但陆贾却不动,自己看了一遍后,面露疑惑:“君侯,下吏这文章,写的没错啊……”

    黑夫皱眉:“你是在装糊涂,还是在故意讽刺?”

    “不敢,文章里的形容,与当今中原形势截然相反,这是因为,下吏这文,可不是替秦始皇帝写的!”

    陆贾露出了笑,对黑夫长拜:

    “是替未来的贤君所写!”

    ……

    “未来的贤君?”

    黑夫默然片刻后,哑然失笑:“是啊,陛下雄才大略,惜乎少仁,我也希望继任的二世皇帝,是位仁君贤君啊……”

    “也罢,也罢,这文章你也不必改了,虽然现在用不上,但还是先留着吧,兴许以后,能派上用场呢?”

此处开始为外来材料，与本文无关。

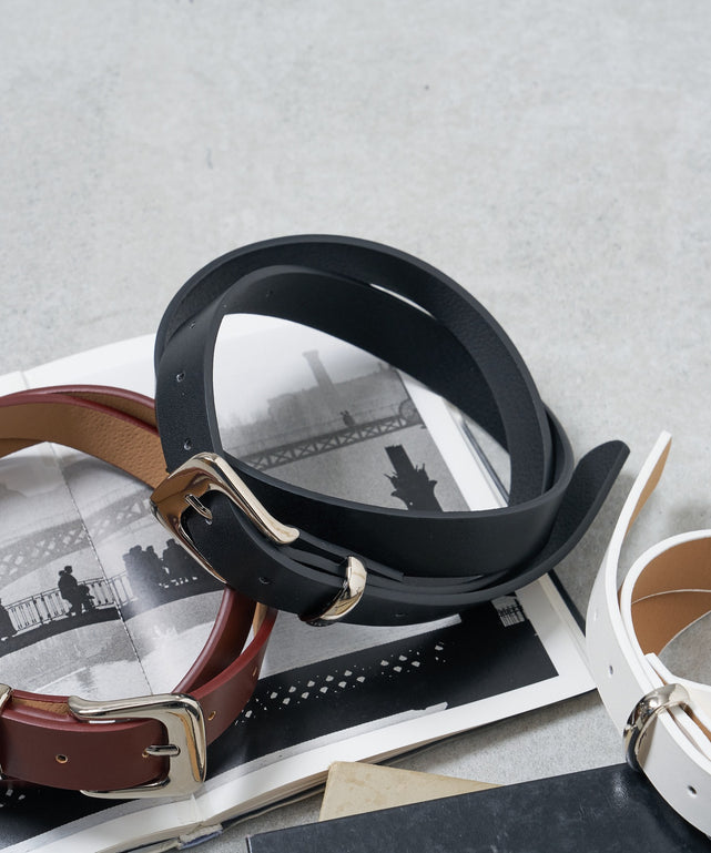 細目なフェイクレザーベルトはボトムを選ばず使える万能アイテムです。

    言罢,黑夫让陆贾退下,但却又立刻叫住了他,问了一句话。

    “陆贾,儒家所言的天命,究竟是什么?”

    原本为自己的大胆有些忐忑,但不将话说完,又一些不甘的陆贾眼睛一亮,立刻道:

    “敢言于君侯,命者,人所禀受,若贵贱夭寿之属也。对人而言,天命就是其生死存亡、富贵贫贱,这一切,皆与高悬于天的天命有关!故子夏言,死生有命,富贵在天!”

    “死生有命,富贵在天?”

    黑夫咀嚼着这句话:“如此说来,我还是更欣赏墨者的《非命》,你应听说过我的那句话吧?公侯将相,宁有种乎?事在人为,不名一文的小兵,也有可能变成将军!”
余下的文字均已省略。